I opted to work on a woven top, having a pants pattern that fit pretty well already. I know, sounds exactly opposite of what one normally has, but there you go.
Imagine my surprise when I was informed I needed a full bust adjustment. Moi?! Really? She who has spent her entire adult life among the…shall we say…lesser endowed populace now needs a full bust adjustment. Amazing!
I chose Butterick 6026 by Katherine Tilton as my test garment. The above photo is the end result of all the snips, spreads and tweaks. I had to add an inch to get the fronts to meet. This involved slashing, spreading and taping back together.
The pattern also has some tiny tucks as a design feature, and I decided to leverage those for the dart space. You can see this created three mini-darts coming in from the side. Rather than having radiating darts, I staggered the dart points, so the darts become shallower as they go down the torso.
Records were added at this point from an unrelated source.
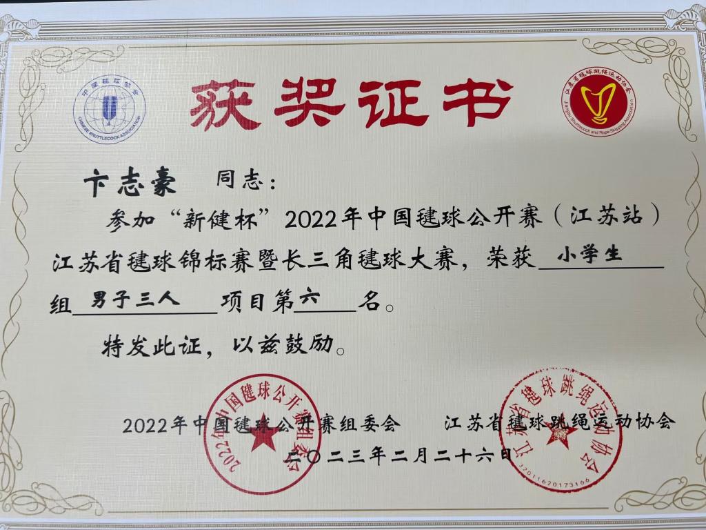 喜讯——祝贺葛浩轩、王保、卞志豪同学在2022年中国毽球公开赛(江苏站)中荣获男子三人项目第六名
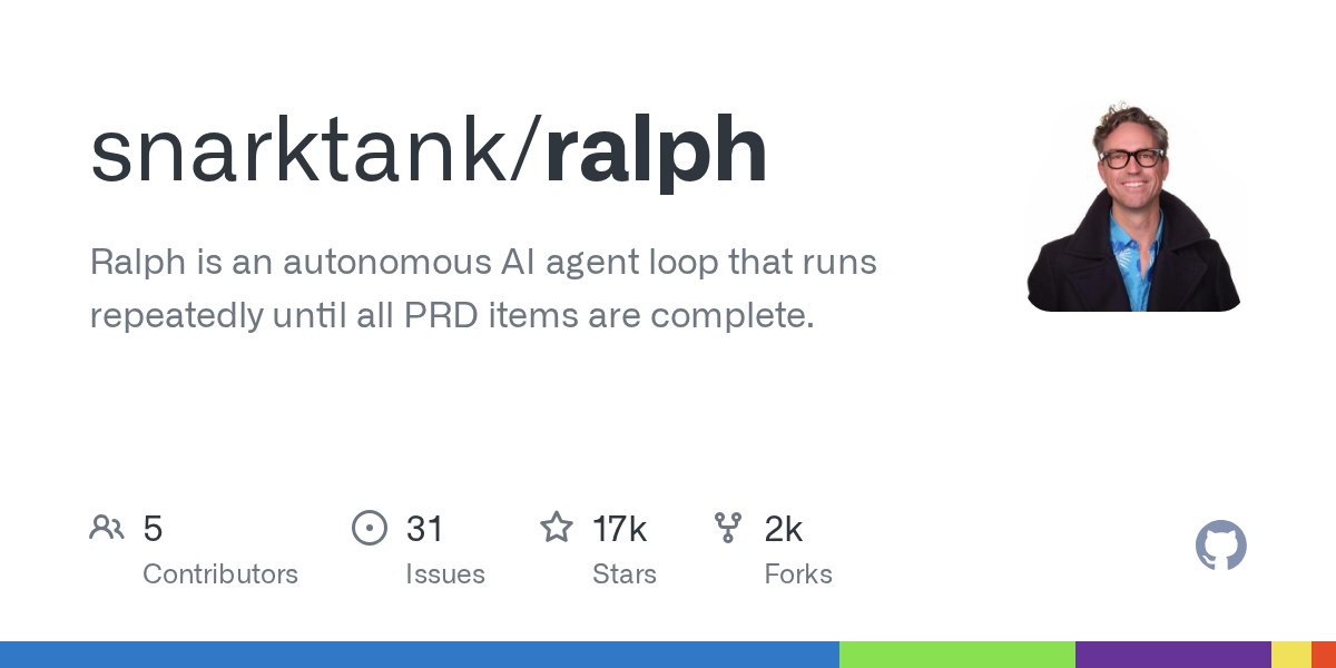 Ralph is a 113-line shell script agent loop using Claude prompts. Use /prd to generate PRDs and /ralph to create task plans with validation checkpoints.
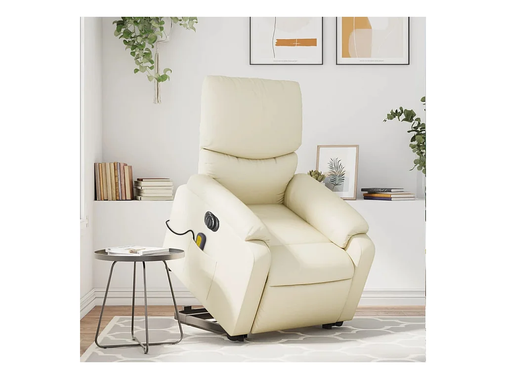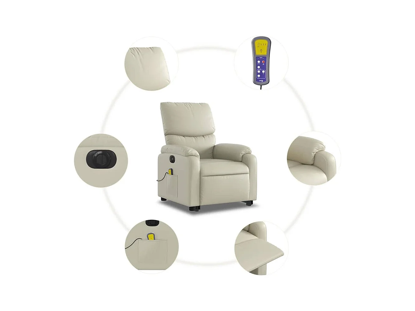 Sta-op-massagestoel elektrisch kunstleer crèmekleurig
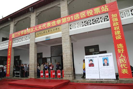 会场设于同安二楼前,红色票箱、两位候选人简介、宣传标语格外醒目。上午8点10分,第91选区第一场选举在化学化工学院金能明书记主持下开始。学院1800余名选民冒着大雨来到同安二楼前集合,按照大会要求,凭选民证领取选票,充分行使民主权利,依法选出自己满意的代表。选举过程气氛热烈,井然有序。
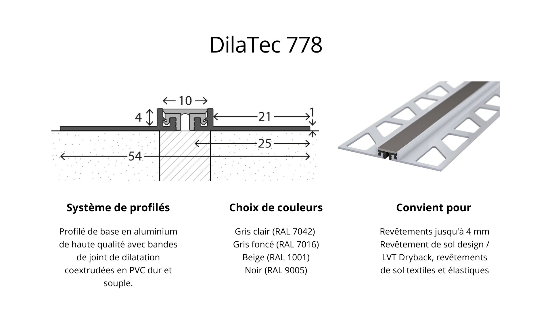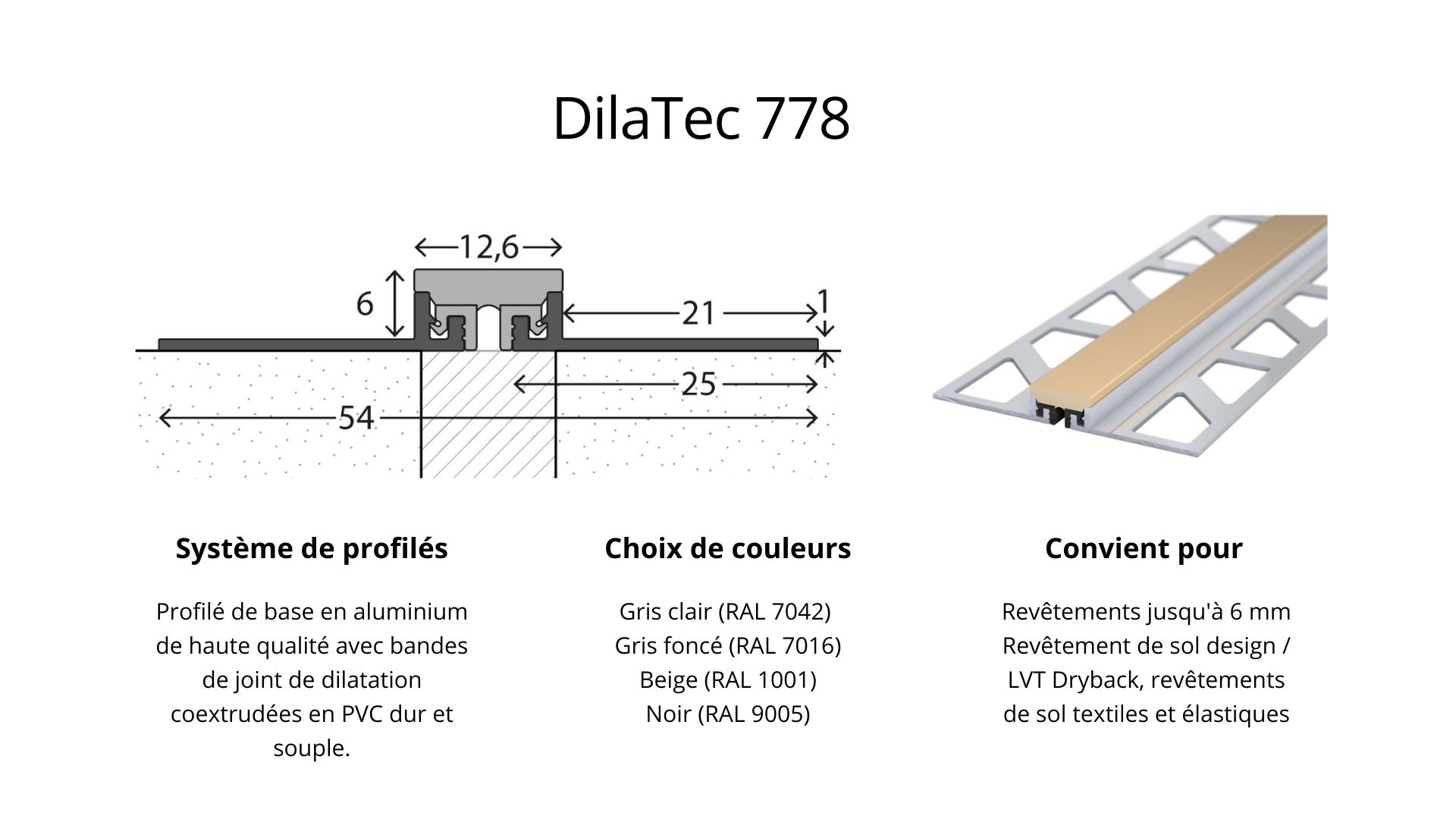 Système de joint de dilatation DilaTec - avec 2 profilés de base et une bande de joint de dilatation en plastique - pour revêtements de 4-6mm - gris clair 2,50mLes profilés de joint de dilatation prémontés sont idéaux pour une utilisation sur les joints de chape ou partout où la tension dans le sol doit être compensée.Les bandes de joint de dilatation en plastique peuvent être remplacées sans problème.Grâce à la coextrusion de PVC dur et souple, elles présentent un comportement de dilatation optimal. Ils absorbent en toute sécurité les tensions du support - sans se déchirer ni se déformer.de se détacher du profil.Les données en bref2 profilés de base de 25mm de large chacun, en aluminium.1 bande de joint de dilatation en plastique.Couleur du joint : gris clairConvient pour des revêtements de 4-6mmLongueur : 2.500 mm Hauteur x largeur : 7 x 54 mmConvient pour : Revêtement de sol design / LVT Dryback, Revêtements de sol textiles et élastiques Domaine d'application :Le profilé de joint de dilatation est utilisé pour tous les revêtements de sol pour ponter les joints de dilatation et de mouvement de construction. Le profilé est placé de telle sorte qu'il se trouve exactement au-dessus dujoint dans le support, afin que le joint de sol puisse continuer à bouger.Montage :Collage: . Utilisez une colle à deux composants ou à base de résine de coulée ou une colle avec un pouvoir adhésif particulièrement élevé.Après avoir collé le profilé, retirez l'excédent de colle de manière lisse. Respectez les instructions du fabricant. Veillez impérativement à ce que la colle ne pénètre pas dans le joint de sol.Encastrement: Vous pouvez également encastrer le profilé à l'aide de mastics appropriés. Veillez àtoujours choisir le profilé de manière à ce que la hauteur du profilé corresponde au revêtement de sol plus le mastic.l'enduit de rebouchage Après le durcissement de la colle, le revêtement de sol peut être découpé pour s'adapter au profilé. Nous recommandons d'utiliser ce profilé uniquement en combinaison avec des revêtements de sol collés.

I probably won’t put in the two lower tucks at all; this keeps with the threesome-ness of the rest of the tucks on the neckline and sleeves.
There were some adjustments on the back as well – mostly for forward shoulders and a high round back. No doubt the result of all these years in front of a computer. Those changes didn’t involve nearly as much slash / spread / tape, so no photo of that.
I am excited! Having this FBA gem of knowledge will help things fit better.